Requirement — For the records below, output word for word the lines from the one with "見出しを太く、本文を細くする" up to and including the one with "First we want". No pictures.

Recorded data:
========================
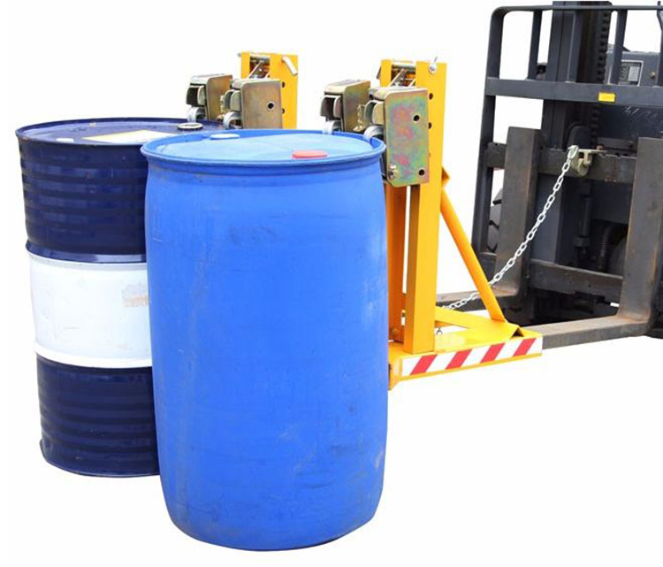 ? 純機械結構設計的輕型雙鷹嘴油桶夾具可與叉車方便地配合,僅依靠叉車
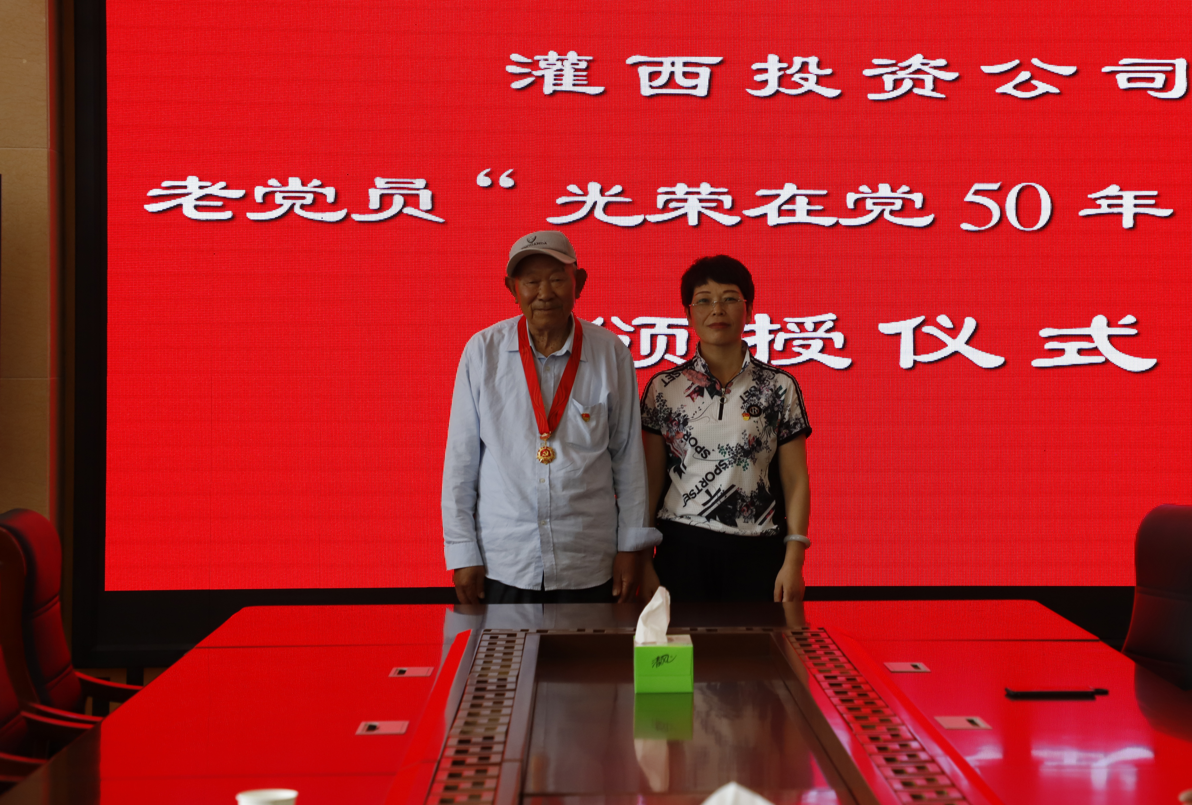 “五十年黨齡,五十載光榮”。6月29日下午,灌西“光榮在黨50年”紀(jì)念勛章頒授儀式在機(jī)關(guān)三樓舉行,投資公司黨委副書記、工會(huì)主席王宏向黨齡達(dá)到50年的兩位老黨員代表頒發(fā)紀(jì)念章,工會(huì)、黨群、紀(jì)委人員參加頒發(fā)儀式。
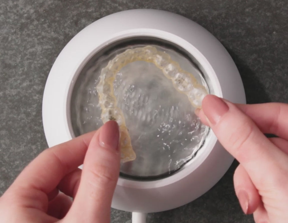 Ganz und gar nicht – obwohl der Pro eine marktführende Reinigungskraft bietet, ist die Ultraschallreinigung vollkommen schonend. Dabei entstehen Millionen winziger Mikrobbläschen, die die gesamte Oberfläche deiner Zahnschiene sanft, aber gründlich reinigen, ohne sie zu beschädigen. Der Dental Pod Pro ist so entwickelt, dass er alle Materialien sicher reinigt – von Metall bis hin zu transparentem Aligner-Kunststoff.
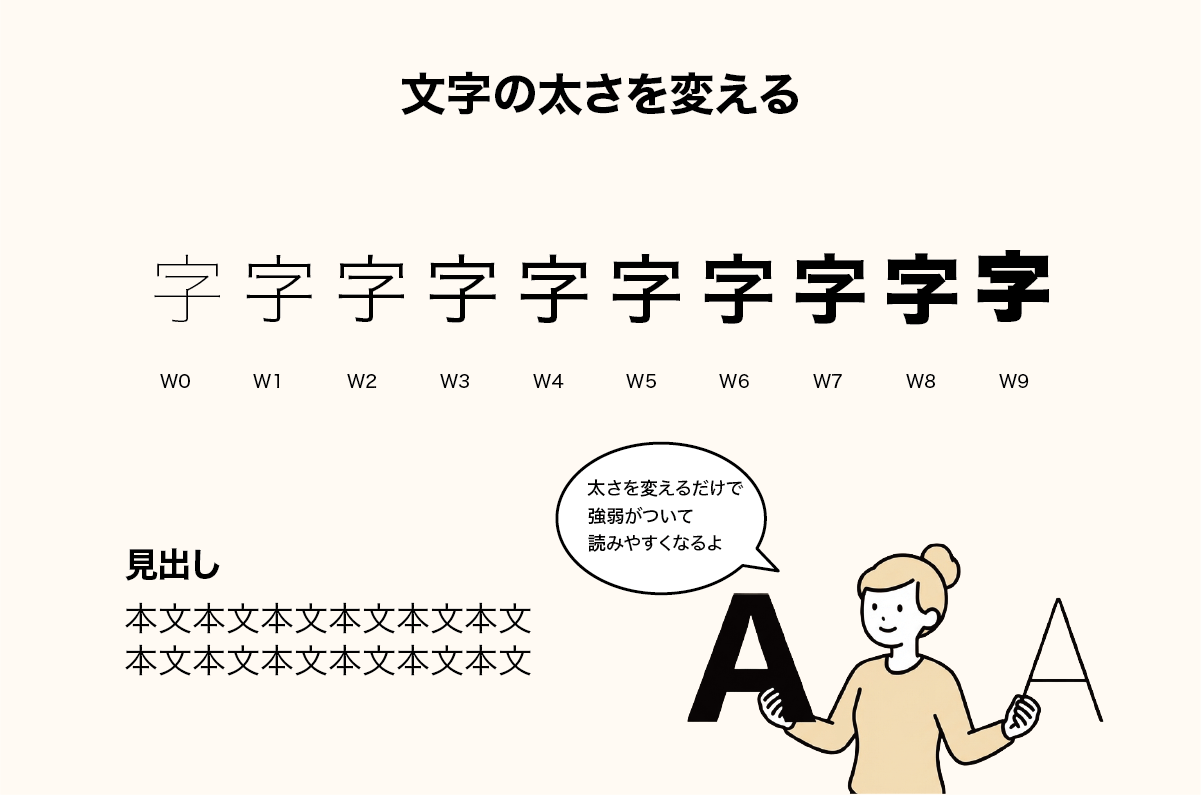 見出しを太く、本文を細くすることで、読者の視線を誘導する「ジャンプ率」を作ります。
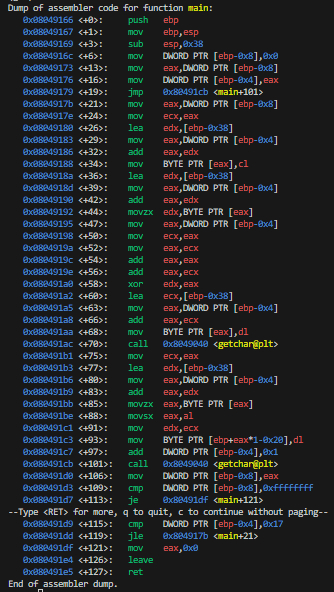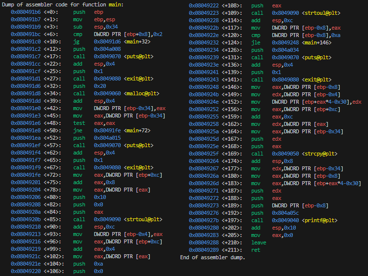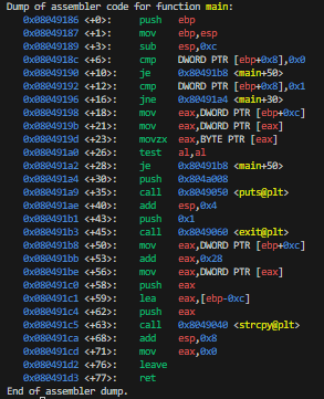 First we want to find the return address, which should be stored at $ebp+4 when setting the breakpoint at main.
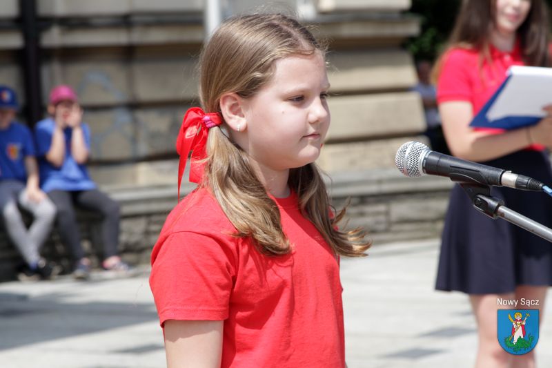 Szkołę powitała wiceprezydent Nowego Sącza, Magdalena Majka. – Kochani, bardzo serdecznie was witam na rynku przed naszym pięknym ratuszem. To naprawdę coś pięknego: za waszymi plecami widzimy dwie wieże bazyliki, której patronką jest św. Małgorzata, a dzisiaj naprzeciwko tych dwóch wież stoi św. Jadwiga Królowa. Mamy takie wspaniałe patronki: bazyliki i waszej szkoły. To coś pięknego, że czujecie się częścią tej szkoły, że wiecie, kto jest jej patronką i jak ona jest ważna; jakie cechy i jakie wartości was obowiązują, właśnie dlatego, że jesteście uczniami tej szkoły – SP 2, która dzisiaj święto ma – zakończyła pani wiceprezydent.
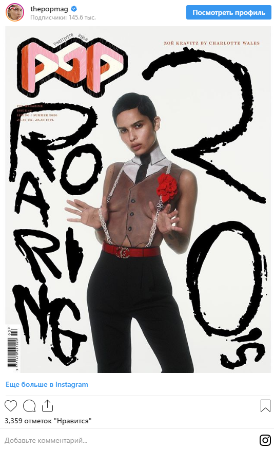 Американская актриса Зои Кравиц, известная по роли в фильме Люди Икс: Первый класс, обнажилась для модного журнала. Пикантные снимки звезды появились на официальной странице глянца в Instagram.
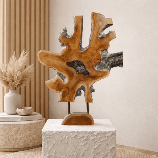 حامل بيلا ديكو قطعة ديكور أرضية لافتة للنظر مصنوعة من جذر خشب الساج الطبيعي المقطع. يتميز كل حامل بشكل عضوي فريد يبرز جمال حبيبات الخشب وملمسه، مما...
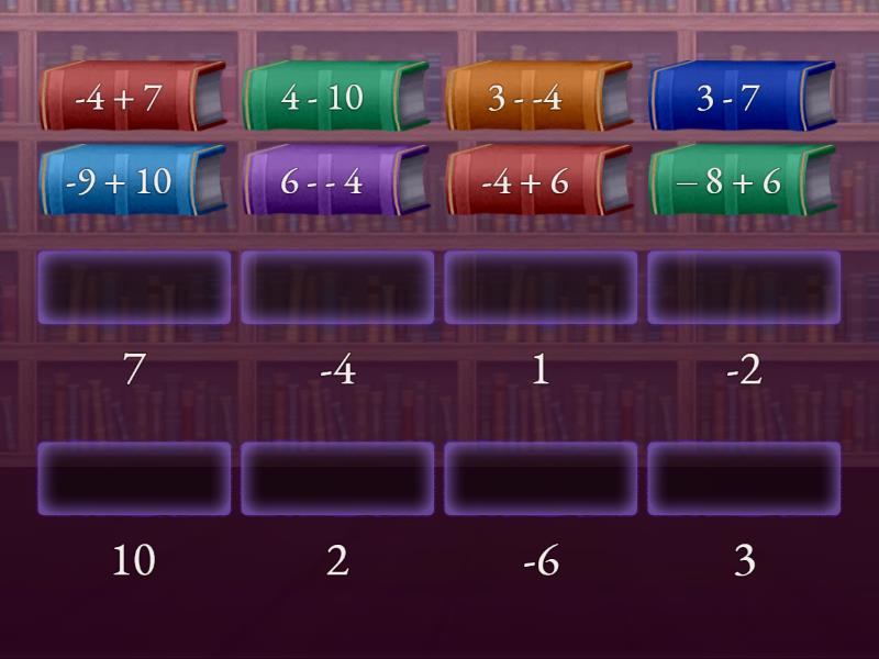 3 - 7 - -4, -4 + 6 - 2, 7 - 10 - -3, -4 + 7 - 3, 4 - 10 - -6, – 8 + 6 - -2, 8 - 13 - -5, -9 + 10 - 1, 8 - 15 - -7, -8 + 17 - 9, 3 - -4 - 7, -3 - -8 - 5, -3 - 6 - -9, -4 – 9 - -13, 6 - - 4 - 10, 3 - - 10 - 13,
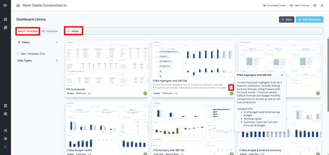 You'll find that some of the dashboards and reports include EBITDA metrics. You can also hover over the template descriptions to see the included metrics when generating dashboards and reports.
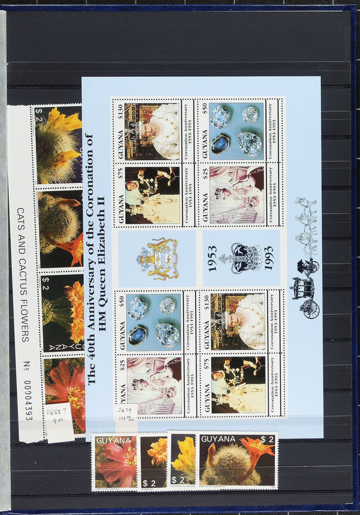 Neatly organized worldwide dealer stock in 6 binders, containing many hundreds of stamps including mint and used singles, sets, partial sets, and souvenir sheets in 6 stockbooks. The lot consists of 3 stockbooks with material ranging from G to M countries, along with a stockbook each of Europe, Latin America, and miscellaneous stamps. Each stockbook includes owner's identification and catalogue pricing, noting the majority of singles and sets ranging from $1 to $5 each, with some sets cataloguing $15 and up. We note better representation from European and British Commonwealth countries. A nice opportunity for collectors (especially thematic and topical), and dealers look for already identified material. Our photos show a sampling. Estimate =
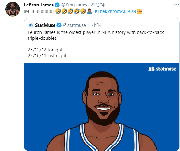 36岁詹姆斯又打出统治力,赛后他转发自己创下的最老三双纪录,并且发推写道:我36岁了!(后面省略14个感叹号)5个哭笑不得的表情#来自阿克伦的小孩。
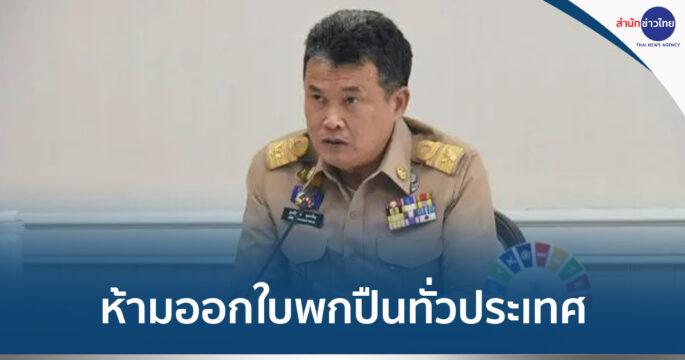 ปลัดมท. เผย สั่งผู้ว่าฯ ทั่วประเทศห้ามออกใบอนุญาตพกพาอาวุธปืน-แบลงค์กัน-สิ่งเทียมอาวุธปืน ทั้ง 76 จังหวัด เพื่อเสริมสร้างความปลอดภัยชีวิต ทรัพย์สินปชช. ความเชื่อมั่นของนักท่องเที่ยว
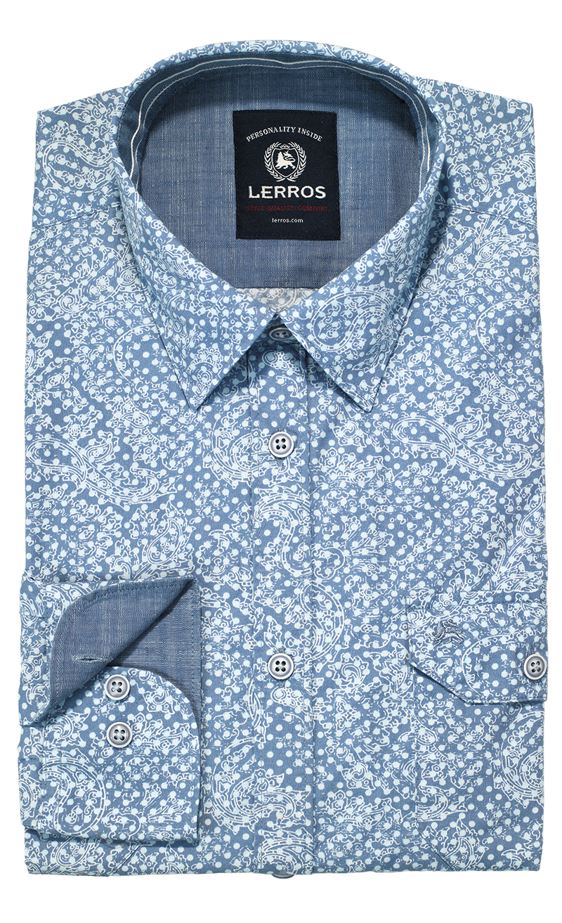 Hemd mit diskretem Alloverdruck und zwei Brusttaschen mit Knöpfen. Kann gut auch über der Hose getragen werden.
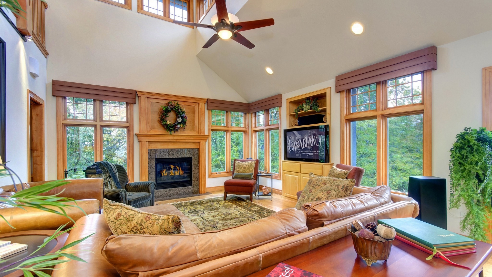 Description: A living room with a fireplace and a large couch in it's center area with a tv on the wall.
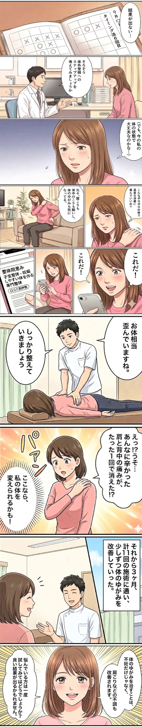 施術前後の姿勢の変化、体調の改善がすぐに体感できるので妊娠の希望が持てます
========================
Exercise answer —
 見出しを太く、本文を細くすることで、読者の視線を誘導する「ジャンプ率」を作ります。
 First we want to find the return address, which should be stored at $ebp+4 when setting the breakpoint at main.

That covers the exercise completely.